Otzelberger already fixing Cyclones’ roster needs of size and physicality

Iowa State then-junior George Conditt dunks the ball against then-No. 9 Oklahoma in a 66-56 loss Feb. 20.

Matt Belinson

T.J. Otzelberger hasn’t been on the job long as the Iowa State men’s basketball head coach, but when he was asked to identify what changes he feels the Cyclones need the most going forward by the media Thursday, he didn’t hesitate to find an answer.

“We’re definitely in need of some more physicality on the front line,” Otzelberger said to reporters Thursday. 

He’s got reason to make that a top priority.

The Cyclones’ roster makeup from a season ago, and really over the last two seasons, was at the end of the pack in the front court at almost every meaningful statistic in the Big 12 and across the country.

Adding onto a losing season in 2020-21, the Cyclones ranked last in the Big 12 in defense, allowing 76.7 points a game to their opponents. Iowa State also allowed 46.3 percent from the field, also good enough for dead last in the conference. Iowa State ranked last in defensive and offensive rebounding and was in the bottom third in the Big 12 with 75 blocks.

As a team, Iowa State finished its 2-22 season at a -6.5 rebounding margin, the lowest the program has seen in the last decade.

This past season, Rasir Bolton, the Cyclones’ 6-foot-3 point guard, averaged the same amount of rebounds as 6-foot-8 forward Solomon Young for the team lead at 4.8 boards per game.

But the production, or lack thereof, for the Cyclones’ big men has been an issue for some time.

The Cyclones ranked last in the Big 12 in the 2019-20 season on defense, allowing their opponents to score 73 points a contest, shooting 45.2 percent clip from the field.

How does Otzelberger and his staff intend to fix this glaring weak spot on Iowa State’s roster?
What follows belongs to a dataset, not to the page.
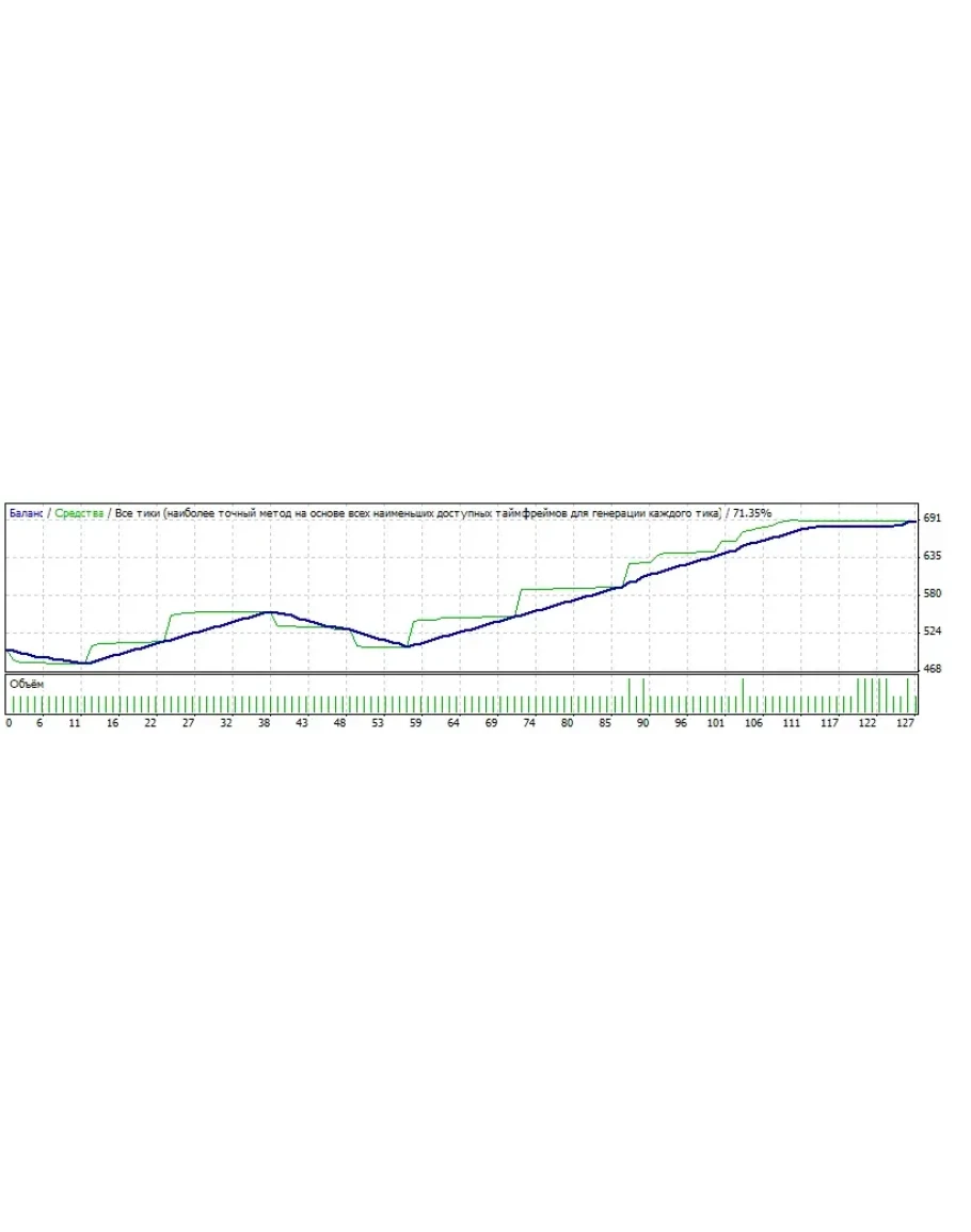 В самом советнике, для определения сигналов вхождения в рынок анализируется два таких индикатора с разными временными периодами. Результатом работы советника стало почти 200% увеличение капитала в течении одного месяца.

It starts with his more experienced roster members.

George Conditt returns for the 2020-21 season with the most experience in the program, but the coaching staff wants to bring the Chicago, Illinois, native back on the path his freshman year showed on the court.

“[George] was on a heck of a trajectory here and [I’m] still learning more about how do we get him back on that path that he was once on,” Otzelberger said.

Conditt was hailed as an impactful defender with his length and dynamic rim protection in his first two seasons, working in tandem with some of the best point guards and running the floor.

Last season, Conditt’s production took a dive.

The 6-foot-10 forward averaged 2.4 points per game, 3.6 rebounds and 22 total blocks last season. Conditt has been known for his defensive prowess more than his offensive game, but he made 26 shots on 64 attempts last season. In the 2019-20 season, Conditt made 86 field goals on 154 attempts.

His 22 blocks a season ago were less than what he put up his freshman season when he averaged five fewer minutes.

Iowa State assistant coach Daniyal Robinson has built a connection with Conditt over the years and said he’s seen his work ethic improve as the season progressed.

For the Cyclones to improve and become a threat in the post, Conditt will be expected to get back on his early path.

“For George, it’s mental,” Robinson said to the media Thursday. “You guys may not have seen it production-wise on the court the last month of the season, but George was one of the guys that was the most diligent and coming in and getting extra work and working on his game and he’s carried through this spring.”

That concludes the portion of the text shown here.